Love, Life, Death, and Survival

Article excerpt

You are living in symbiosis with the disease. Go away and continue to do so.

--Gillian Rose, Love's Work

In the course of a long period of reflection on the death of a love, I read, simultaneously, two extraordinary texts by philosophers dying of cancer: Gillian Rose's memoir, Love's Work, and Jacques Derrida's last interview, Learning to Live Finally. These texts could only come from the dying; more manifesto than meditation, they rail against what Derrida calls the rapidly shrinking period of deferral. There is a raw urgency to their pronouncements, and a refusal of what Rose calls "repose." Life is lived in the theatre of the agon, in revel, on the edge, as love is also lived. For neither life nor love are exceptional, Rose writes; "To live, to love, is to be failed" and, she adds, "If I am to stay alive, I am bound to continue to get love wrong, all the time, but not to cease wooing, for that is my life affair, love's work" (105-06, emph. Rose's). We find Derrida's version of the agon in his famous line: "I am at war with myself" (Derrida and Birnbaum 46). And so Rose remains faithful to the epigraph of her bold memoir--"Keep your mind in hell, and despair not"--and Derrida follows close behind--"I have never learned [...] to accept death" (24).

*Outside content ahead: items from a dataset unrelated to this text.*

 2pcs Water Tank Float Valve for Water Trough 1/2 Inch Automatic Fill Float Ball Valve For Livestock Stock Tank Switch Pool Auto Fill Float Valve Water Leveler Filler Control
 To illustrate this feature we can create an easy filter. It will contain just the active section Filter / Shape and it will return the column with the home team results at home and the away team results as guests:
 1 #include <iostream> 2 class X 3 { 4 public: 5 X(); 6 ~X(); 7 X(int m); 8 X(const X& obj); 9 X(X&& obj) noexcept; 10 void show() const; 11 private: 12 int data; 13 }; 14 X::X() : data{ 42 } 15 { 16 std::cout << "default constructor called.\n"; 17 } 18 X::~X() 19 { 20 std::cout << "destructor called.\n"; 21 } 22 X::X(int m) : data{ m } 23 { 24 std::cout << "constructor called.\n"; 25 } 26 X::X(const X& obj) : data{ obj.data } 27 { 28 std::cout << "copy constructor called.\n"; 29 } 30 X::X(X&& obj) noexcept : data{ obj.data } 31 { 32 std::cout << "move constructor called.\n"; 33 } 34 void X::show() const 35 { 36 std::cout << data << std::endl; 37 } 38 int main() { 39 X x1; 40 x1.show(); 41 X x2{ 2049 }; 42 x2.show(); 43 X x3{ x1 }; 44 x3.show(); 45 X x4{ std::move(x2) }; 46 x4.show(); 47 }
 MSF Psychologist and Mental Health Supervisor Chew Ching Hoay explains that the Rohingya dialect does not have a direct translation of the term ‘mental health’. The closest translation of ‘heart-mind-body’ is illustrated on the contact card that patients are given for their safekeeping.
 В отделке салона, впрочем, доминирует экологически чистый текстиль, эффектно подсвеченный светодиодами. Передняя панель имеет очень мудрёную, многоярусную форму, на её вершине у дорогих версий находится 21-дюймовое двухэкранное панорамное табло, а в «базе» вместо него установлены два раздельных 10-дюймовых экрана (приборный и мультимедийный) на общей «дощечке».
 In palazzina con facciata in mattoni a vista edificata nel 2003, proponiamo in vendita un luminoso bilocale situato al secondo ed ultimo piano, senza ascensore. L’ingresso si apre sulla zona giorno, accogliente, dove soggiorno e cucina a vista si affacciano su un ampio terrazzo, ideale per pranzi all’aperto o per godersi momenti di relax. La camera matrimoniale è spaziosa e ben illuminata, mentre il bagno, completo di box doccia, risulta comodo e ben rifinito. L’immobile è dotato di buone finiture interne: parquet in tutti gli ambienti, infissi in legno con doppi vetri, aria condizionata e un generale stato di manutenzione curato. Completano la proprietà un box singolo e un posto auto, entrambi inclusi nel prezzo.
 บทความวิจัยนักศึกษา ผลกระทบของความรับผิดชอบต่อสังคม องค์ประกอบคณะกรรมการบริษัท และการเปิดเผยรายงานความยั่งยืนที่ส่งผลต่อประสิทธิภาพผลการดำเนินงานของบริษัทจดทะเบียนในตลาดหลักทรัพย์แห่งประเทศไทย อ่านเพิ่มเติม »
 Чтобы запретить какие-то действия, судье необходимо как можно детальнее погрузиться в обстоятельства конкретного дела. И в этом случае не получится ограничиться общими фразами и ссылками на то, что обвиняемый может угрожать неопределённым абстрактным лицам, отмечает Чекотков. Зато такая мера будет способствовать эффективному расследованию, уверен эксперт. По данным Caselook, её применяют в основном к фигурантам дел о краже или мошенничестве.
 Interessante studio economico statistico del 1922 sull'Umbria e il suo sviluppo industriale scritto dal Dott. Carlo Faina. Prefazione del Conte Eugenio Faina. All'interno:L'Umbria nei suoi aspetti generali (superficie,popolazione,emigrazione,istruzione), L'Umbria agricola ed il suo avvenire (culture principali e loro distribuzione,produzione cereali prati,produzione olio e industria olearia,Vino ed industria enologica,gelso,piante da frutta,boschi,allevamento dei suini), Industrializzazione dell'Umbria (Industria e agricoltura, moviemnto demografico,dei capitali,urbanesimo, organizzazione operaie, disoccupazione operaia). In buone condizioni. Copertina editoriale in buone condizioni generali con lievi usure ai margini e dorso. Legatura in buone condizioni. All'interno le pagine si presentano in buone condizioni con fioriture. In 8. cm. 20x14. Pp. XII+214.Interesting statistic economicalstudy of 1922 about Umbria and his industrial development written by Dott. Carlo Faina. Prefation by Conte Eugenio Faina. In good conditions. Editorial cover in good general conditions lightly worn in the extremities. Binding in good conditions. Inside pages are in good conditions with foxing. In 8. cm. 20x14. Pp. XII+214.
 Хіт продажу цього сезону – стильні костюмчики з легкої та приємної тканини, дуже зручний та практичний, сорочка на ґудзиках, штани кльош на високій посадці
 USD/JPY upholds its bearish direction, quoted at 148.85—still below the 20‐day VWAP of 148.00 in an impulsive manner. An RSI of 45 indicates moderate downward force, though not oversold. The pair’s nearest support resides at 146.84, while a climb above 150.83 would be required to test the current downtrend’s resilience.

I have returned to these protests against limits again and again while thinking of my own experience of dying love, at war with myself and with the embattled psyche of another. I both acknowledged and denied that this death was approaching and that I would have to survive it. It was a period of the most intense loving and living that I had ever known, as I anticipated this ending with apprehension, fearing, above all, the abyss of loneliness and loss, of the absence I knew I would feel keenly. I will reflect here on survival, in the doubled meaning that the German terms fortleben and uberleben provide: as living-on and living-through. That is, living-on in what remains, consoled by life beyond death (or life over-life, as sur-vie implies), as opposed to living-through or enduring. Survival as endurance (uberleben) essentially refuses the consolation of survival as living beyond (fortleben), as Rose and Derrida will show us. (1)

Derrida's last interview was printed in Le monde on August 19, 2004, some two months before he died of cancer. In answer to his interviewer's question he emphatically states that no, he has not learned how to live, for learning how to live means learning how to die--to acknowledge and accept absolute mortality without resurrection or redemption. "I have never learned [...] to accept death" (Derrida and Birnbaum 24), Derrida protests, and "I remain uneducable when it comes to [...] knowing-how-to-die" (25). He believes in the truth of this relation between taking death into account and learning to live, but he cannot resign himself to it because it would mean rejecting what he loves (24).

It is common to think that we can only live our lives well in the full awareness of death, that we must be resigned to it. Derrida's persistent attention to the difference that interrupts all absolutes--like life, or death--to the fact that each concept is tainted by its other might lend itself to this viewpoint. There is no life without death; there is no conceivable understanding of life that excludes death. We could call it lifedeath, or living-death, for death intrudes on life at every moment, through dying skin cells and aging organs, the prospect of disease or disaster, and the painful encroachment of a sense of finality. But the acceptance of life's absolute limit does not allow us to live at peace with ourselves or perfect our lives. Derrida as a dying man refuses this interpretation, affirming the idea of life as survival (sur-vie or fortleben), as living after death--over or beyond death, in excess of death. Survival "is not derived from either living or dying"--no more than "a mourning that does not wait for the so-called 'actual' death" (Derrida and Birnbaum 26). …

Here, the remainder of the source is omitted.